### [EXERCISE OBJECTIVE]
Your task is to output the listing word for word, with pictures excluded.

*** COLLECTED MATERIAL ***

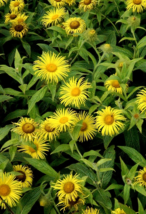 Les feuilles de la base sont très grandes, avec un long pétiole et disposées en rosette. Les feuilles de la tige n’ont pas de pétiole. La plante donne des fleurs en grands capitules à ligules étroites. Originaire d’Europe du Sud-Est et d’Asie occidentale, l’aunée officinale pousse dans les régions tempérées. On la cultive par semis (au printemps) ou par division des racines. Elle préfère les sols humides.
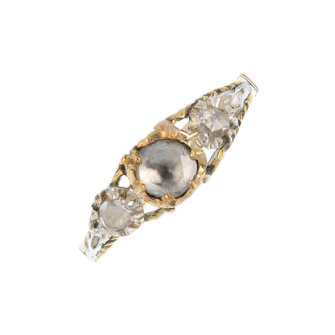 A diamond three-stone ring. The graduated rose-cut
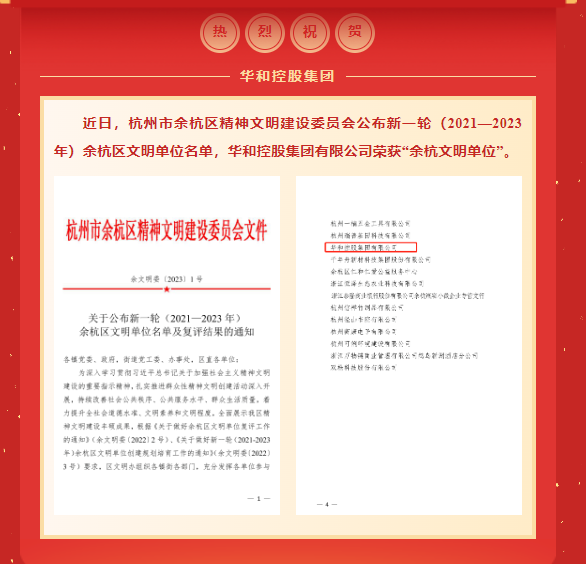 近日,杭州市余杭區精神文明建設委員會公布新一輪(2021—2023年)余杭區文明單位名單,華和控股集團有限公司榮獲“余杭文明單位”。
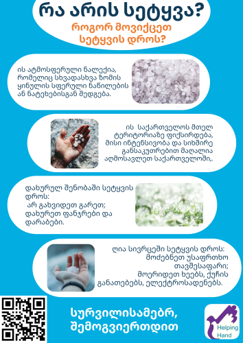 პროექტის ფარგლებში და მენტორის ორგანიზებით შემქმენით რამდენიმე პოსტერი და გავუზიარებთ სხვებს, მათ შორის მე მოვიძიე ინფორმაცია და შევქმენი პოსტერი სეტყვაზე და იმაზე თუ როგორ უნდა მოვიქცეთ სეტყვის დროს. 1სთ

*** End of COLLECTED MATERIAL ***

### [WORKED SOLUTION]
 Les feuilles de la base sont très grandes, avec un long pétiole et disposées en rosette. Les feuilles de la tige n’ont pas de pétiole. La plante donne des fleurs en grands capitules à ligules étroites. Originaire d’Europe du Sud-Est et d’Asie occidentale, l’aunée officinale pousse dans les régions tempérées. On la cultive par semis (au printemps) ou par division des racines. Elle préfère les sols humides.
 A diamond three-stone ring. The graduated rose-cut
 近日,杭州市余杭區精神文明建設委員會公布新一輪(2021—2023年)余杭區文明單位名單,華和控股集團有限公司榮獲“余杭文明單位”。
 პროექტის ფარგლებში და მენტორის ორგანიზებით შემქმენით რამდენიმე პოსტერი და გავუზიარებთ სხვებს, მათ შორის მე მოვიძიე ინფორმაცია და შევქმენი პოსტერი სეტყვაზე და იმაზე თუ როგორ უნდა მოვიქცეთ სეტყვის დროს. 1სთ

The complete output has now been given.